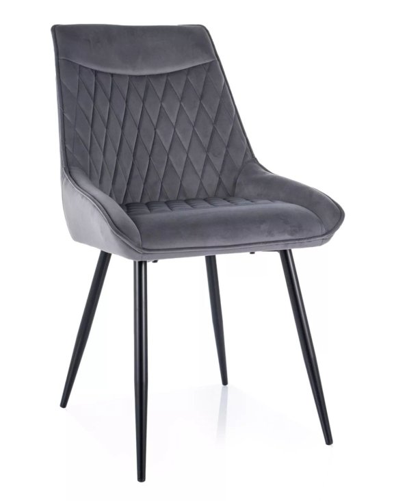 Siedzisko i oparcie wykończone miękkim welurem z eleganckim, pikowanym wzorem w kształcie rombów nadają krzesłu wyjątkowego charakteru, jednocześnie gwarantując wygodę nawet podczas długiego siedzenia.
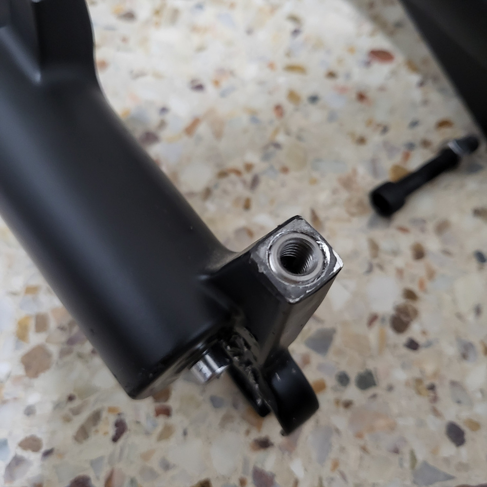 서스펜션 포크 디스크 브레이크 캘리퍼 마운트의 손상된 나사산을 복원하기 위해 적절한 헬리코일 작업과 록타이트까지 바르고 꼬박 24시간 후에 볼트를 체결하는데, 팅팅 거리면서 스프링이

...

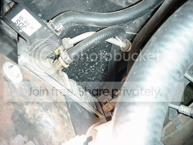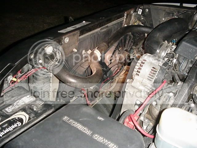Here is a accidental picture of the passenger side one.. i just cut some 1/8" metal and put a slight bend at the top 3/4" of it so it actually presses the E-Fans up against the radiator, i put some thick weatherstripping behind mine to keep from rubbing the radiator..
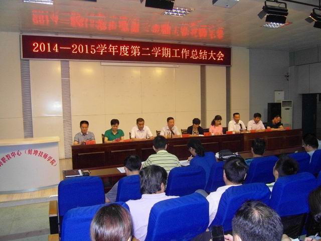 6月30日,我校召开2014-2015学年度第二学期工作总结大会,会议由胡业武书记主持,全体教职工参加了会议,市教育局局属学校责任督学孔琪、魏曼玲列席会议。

...

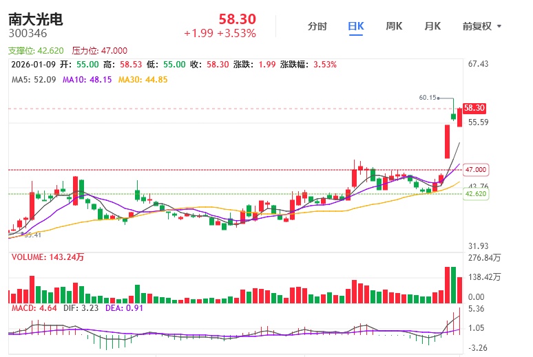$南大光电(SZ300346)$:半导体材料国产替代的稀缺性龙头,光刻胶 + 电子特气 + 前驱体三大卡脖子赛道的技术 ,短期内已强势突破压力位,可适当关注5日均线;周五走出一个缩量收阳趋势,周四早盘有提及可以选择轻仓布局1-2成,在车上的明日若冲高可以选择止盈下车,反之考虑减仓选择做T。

What the task requires ▸
Starting at the line with "Here is a accidental" in the entries above, write out every line exactly until the line with "6月30日,我校召开2014" has been written. Include no pictures and nothing more.

Response area ▸
Here is a accidental picture of the passenger side one.. i just cut some 1/8" metal and put a slight bend at the top 3/4" of it so it actually presses the E-Fans up against the radiator, i put some thick weatherstripping behind mine to keep from rubbing the radiator..
 6月30日,我校召开2014-2015学年度第二学期工作总结大会,会议由胡业武书记主持,全体教职工参加了会议,市教育局局属学校责任督学孔琪、魏曼玲列席会议。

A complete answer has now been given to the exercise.